The UK and the EU are on the verge of an agreement to revise the Northern Ireland protocol, the part of the Brexit deal that sets trade rules for the province.
Rishi Sunak will hold face-to-face talks in the UK with European Commission President Ursula von der Leyen on Monday with the aim of finalizing a deal.
What are the problems with the NI protocol?
Under the terms of the protocol agreed by Boris Johnson, Northern Ireland is included in the EU’s single market for goods. This means an open trade border on the island of Ireland, but it actually means that a maritime border has been created in its place. Goods arriving in Northern Ireland from the rest of the UK are subject to checks and controls.
The deal sparked political instability in Northern Ireland after the Democratic Unionist party (DUP) withdrew from the Stormont assembly in protest at incoming merchandise checks. He also disagreed with the continued role of the European Court of Justice (ECJ) in the region.
Loyalist paramilitaries opposed the protocol and warned that it could destabilize peace in the region.
What were the rules on goods crossing the land border before and after Brexit?
Before Brexit, it was easy to transport goods across this border because both sides followed the same EU rules. After the UK left, special trade arrangements were needed because Northern Ireland has a land border with the Republic of Ireland, which remains part of the EU.
The EU has strict food rules and requires border checks when certain products, such as milk and eggs, arrive from non-EU countries.
Why can’t the UK and EU return to land border controls?

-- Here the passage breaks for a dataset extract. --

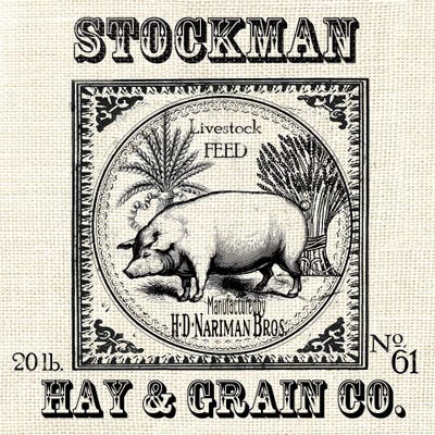 Farmhouse Grain Sack Label Pig

It was feared that cameras or border posts could lead to increased Republican activity and a collapse of political consensus. Republican paramilitary groups frequently attacked border posts during the Troubles.
What do we expect to see in the new deal?
Under the current arrangement, goods are checked when they arrive in Northern Ireland and can be transported to Ireland. The UK wants goods entering Northern Ireland to be split into two different lanes – green for those going to Northern Ireland only and red for those destined for Ireland.
A key question for business is the extent to which the greenway will reduce the need for customs bureaucracy. There is also the question of whether the UK government will continue to fund the merchant support service, which helps with the necessary administration.
What have been the sticking points?
There were several. Will companies have to register as trusted merchants to join the greenway? Which companies will qualify for Trusted Trader status? Who will register as a trusted trader – the importer, the transporter or the exporter?
There is also an ongoing dispute over online shopping: will customers in Northern Ireland be required to sign a customs declaration in future if they buy goods from outlets in Britain? And the EU has asked the ECJ to resolve any future disputes, while the UK wants it to have little involvement, the reports claim.
Will any agreement be the end of the protocol fights?
No. Sunak’s troubles could be just beginning, depending on who backs the deal. Will the DUP, Northern Ireland’s largest unionist party, give its blessing? Will the European Research Group (ERG), the group of Conservative MPs that ousted Theresa May, sign? Johnson, who has already issued warnings about the deal, will he signal his support?